И голос-то у ней переменился. Куда девались ворчливые и крикливые ноты, от которых бросало в дрожь даже Черню? Журчал, что таежный родничок, пробившийся сквозь мшарины дымчато-изумрудных мхов, узорами устилающих брусничные места, где каждое летичко хаживала с совком за ягодами.
Но с Шумейкой так и не помирилась. Не лежало к ней сердце. Особенно серчала на нее за то, что она ровно присушила к себе Степана. Ночами, прислушиваясь, как сын миловался с молодой женой, так и кипела: «Замурдует Степана, истинный бог!.. Как целуются-то, как целуются-то, а? Осподи! Вытрусит, окаянная присуха, всю силушку из мужика! И сам был смолоду такой же, да я ему укорот сделала: мужику надо не миловаться с бабой, а робить!»

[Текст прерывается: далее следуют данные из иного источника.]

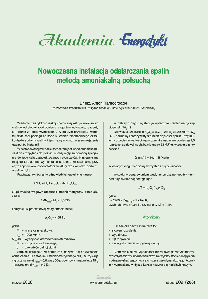 Akademia Nowoczesna instalacja odsiarczania spalin metodą amoniakalną półsuchą Dr inż. Antoni Tarnogrodzki Politechnika Warszawska, Instytut Techniki Lotniczej i Mechaniki Stosowanej Wiadomo, że szybkość reakcji chemicznej jest tym większa, im wyższy jest stopień rozdrobnienia reagentów, naturalnie, reagenty są dobrze ze sobą wymieszane. W naszym przypadku wzrost tej szybkości pociąga za sobą skrócenie nieodzownego czasu kontaktu sorbent-spaliny i tym samym umożliwia zmniejszenie gabarytów instalacji. W zastosowanej metodzie sorbentem jest woda amoniakalna. Jest ona rozpylana do postaci suchej mgły za pomocą specjalnie do tego celu zaprojektowanych atomizerów. Następnie ma miejsce turbulentne wymienianie sorbentu ze spalinami, przy czym zapewniony jest dostatecznie długi czas kontaktu sorbent-spaliny [1,2]. Przytaczamy równanie odpowiedniej reakcji chemicznej W dalszym ciągu występuje wyłącznie stechiometryczny stosunek NH3 i S. Obowiązuje zależność ρNQN = ρQ, gdzie ρN =1,29 kg/m3, QN i Q – normalny i rzeczywisty strumień objętości spalin. Przyjmujemy przeciętne wartości współczynnika nadmiaru powietrza 1,6 i wartości opałowej węgla kamiennego 23 MJ/kg, wtedy możemy napisać QN(m3n/h) = 10,44 B (kg/h) W dalszym ciągu będziemy korzystać z tej zależności. Wywołany odparowaniem wody amoniakalnej spadek temperatury wyraża się następująco 2NH3 + H2O + SO2 = (NH4)2 SO3 ∆T = rρwQw / cpρNQN skąd wynika wagowy stosunek stechiometryczny amoniaku i siarki 2MNNH3 / MS = 1,0625 gdzie: r = 2260 kJ/kg, cp = 1 kJ/kgK; przyjmujemy s = 0,01 i otrzymujemy ∆T = 7,1K. i zużycie 25-procentowej wody amoniakalnej Atomizery ρwQw = 4,25 Bs gdzie: M – masa cząsteczkowa, ρw = 1000 kg/m3, Qw(l/h) – wydajność atomizera lub atomizerów, B – zużycie nośnika energii, s – zawartość palnej siarki. Stopień usunięcia ze spalin SO2 nazywa się sprawnością odsiarczania. Dla stosunku stechiometrycznego NH3 i S uzyskuje się przynajmniej ηSO2 = 0,8; przy 50-procentowym nadmiarze NH3 – przynajmniej ηSO2 = 0,9 [3]. marzec 2008 Zasadnicze cechy atomizera to: stopień rozpylenia, wydajność, kąt rozpylenia, zasięg strumienia rozpylanej cieczy. Atomizer o dużej wydajności może być: gazodynamiczny, hydrodynamiczny lub mechaniczny. Najwyższy stopień rozpylenia można uzyskać za pomocą atomizera gazodynamicznego. Atomizer wyposażony w dysze Lavala nazywa się naddźwiękowym. www.energetyka.eu strona 209 (208) a) 5 4 5 1 2 4 3 b) 1 2 3 Rys. 2. Rysunek konstrukcyjny atomizera o zderzających się strumieniach o dużym zasięgu, oznaczenia 1 5 4 2 3 d) c) Rys. 1. Atomizer o zderzających się strumieniach o dużym kącie rozpylenia: a) rysunek konstrukcyjny, b) wizualizacja wypływu z dyszy atomizera, c) i d) widoki mgły w płaszczyźnie symetrii i płaszczyźnie atomizera; 1 i 2 – końcówki wody amoniakalnej i sprężonego powietrza, 3 – pokrywa komory atomizera, 4 – rurka o średnicy zewnętrznej 2,5 mm, 5 – dwustopniowa dysza Lavala; komora atomizera może być usytuowana na ściance reaktora odsiarczającego, kanału spalin lub elektrofiltra W omawianej instalacji stosuje się dwa typy atomizerów naddźwiękowych [4,5]: o zderzających się strumieniach, z tym że występują dwie wersje, mianowicie, o dużym kącie rozpylenia (rys. 1) i o dużym zasięgu (rys. 2); wynalazek ten jest stosowany głównie w ogrodnictwie szklarniowym i ochronie powietrza, w roku 1981 został wyróżniony w Konkursie Mistrza Techniki; 1) o strumieniach współosiowych (rys. 3), wynalazek stosowany jest od dawna w ochronie powietrza1); cechuje się dużym zasięgiem. Między innymi w Hucie Katowice, w elektrowni Szczecin-Pomorzany; ostatnio – jako wytwornica mgły został wykorzystany w systemie gaśniczym Telesto. strona 210 (209) Rys. 3. Rysunek konstrukcyjny atomizera o strumieniach współosiowych; 1 – jeden z dwóch wlotów wody amoniakalnej, 2 – wlot sprężonego powietrza, 3 – wewnętrzna pierścieniowa dysza Lavala, 4 – pierścieniowa szczelina wodna o szerokości 0,5 mm, 5 – zewnętrzna pierścieniowa dysza Lavala o wypływie ze składową prędkości dośrodkową Wprowadzamy stosunek strumieni masy wody amoniakalnej i sprężonego powietrza2) β = ρwQw / ρsprQspr przy czym: β = 0,9–1,1 i niższe wartości odpowiadają atomizerowi o dużym kącie rozpylenia, wyższe – atomizerom o dużym zasięgu; ρspr = 1,2 kg/m3, Qspr(m2/h) – wydajność sprężarki. Przyjmujemy β = 1 i atomizer o zderzających się strumieniach projektujemy na wydajność 100–150 l/h, o strumieniach współosiowych na 150–300 l/h; nadciśnienie przed atomizerem wynosi 0,25–0,35 MPa. 2) W elektrowni Połaniec do tego celu zastosowano zamiast sprężonego powietrza przegrzaną parę wodną. www.energetyka.eu marzec 2008 Reaktor o dużej średnicy3) Reaktor o małej średnicy Korzystamy z rysunku 6 i tabeli 2. Przyjmujemy: v = 1,5 m/s, s = 0,01, temperaturę 130°C i dobieramy atomizery. Korzystamy z rysunków 4 i 5 oraz tabeli 1. Na podstawie badań eksploatacyjnych wiadomo, że czas przebywania spalin w reaktorze wynosi 5 s. Przez D i h oznaczamy średnicę i wysokość reaktora, v – prędkość spalin, przyjmujemy s = 0,007 i dwie wartości temperatury, we wszystkich omawianych przypadkach stosujemy jeden atomizer o zderzających się strumieniach o dużym kącie rozpylenia zaprojektowany na Qw=100 l/h, wydajność sprężarki 83 m3/h. 2 3 1 1 Rys. 4. Zaprojektowana przez autora instalacja w Zakładach Piwowarskich w Warce (1995) Rys. 6. Schemat części dolotowej reaktora o dużej średnicy 2 1 – spaliny, 2 – ulownica, 3 – pokrywa z atomizerem o zderzających się strumieniach o dużym zasięgu lub z atomizerem o strumieniach współosiowych Przykłady reaktora o dużej średnicy 1 Rys. 5. Schemat części dolotowej reaktora o małej średnicy 1 – spaliny, 2 – pokrywa z atomizerem o zderzających się strumieniach o duż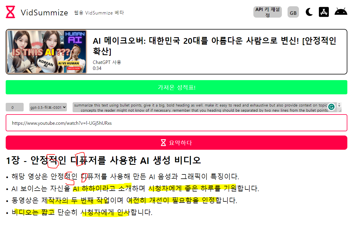 다시  VidSummize 웹사이트 로 가서 붙여넣기를 해봅시다.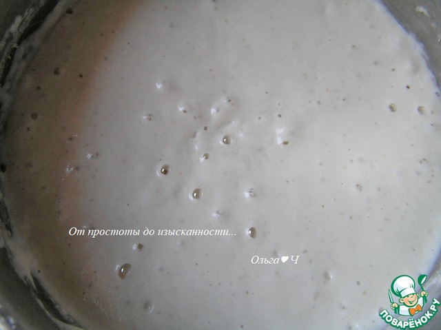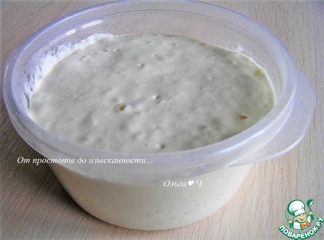 Перемешайте до однородности (консистенция густой сметаны), накройте крышкой и поставьте в теплое место.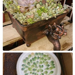 去年の11月ごろに🌱葉さしでそのまま寄せ植えできないかなっと思って、色々ならべて作った寄せ植えです。 まだ葉っぱついたまま子ばかりですがだいぶ大きくかわいくなりました💕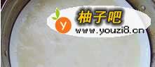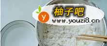 糯米粉倒入容器,加入适量温水;揉成光滑滋腻的面团。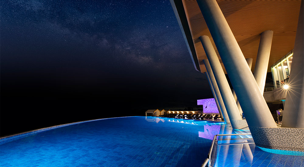 국내 최대 47m를 자랑하는 인피니티 풀은 1년 365일 이용 가능한 사계절 온수풀입니다.

Так от ночи к ночи накатывала злобу на сноху.
Утрами будила на заре. Чуть забрезжит сизоватая рань, пора вставать.
– Милка! Доколь дрыхнуть будешь? Проспишь все царствие небесное!
– Зараз, мамо!..
– Сама ты «зараза»! Сколько раз говорено: не суй мне «заразу»! Я, поди, чище тебя.
Как ни поясняла Шумейка, что в ее словах нет ничего обидного для Аксиньи Романовны, убедить старуху не могла.
– Милка, чугун ставь в печь, – как-то сказала Аксинья Романовна: сама возилась с квашней.
Шумейка сперва храбро взялась за двухведерный пузатый чугун, но не осилила – от полу не оторвала.
– Не поднять!
– Да ты что, хвороба? Ночью-то Степку до беспамятства устряпываешь, а на чугуне руки опустила? Ставь, говорят!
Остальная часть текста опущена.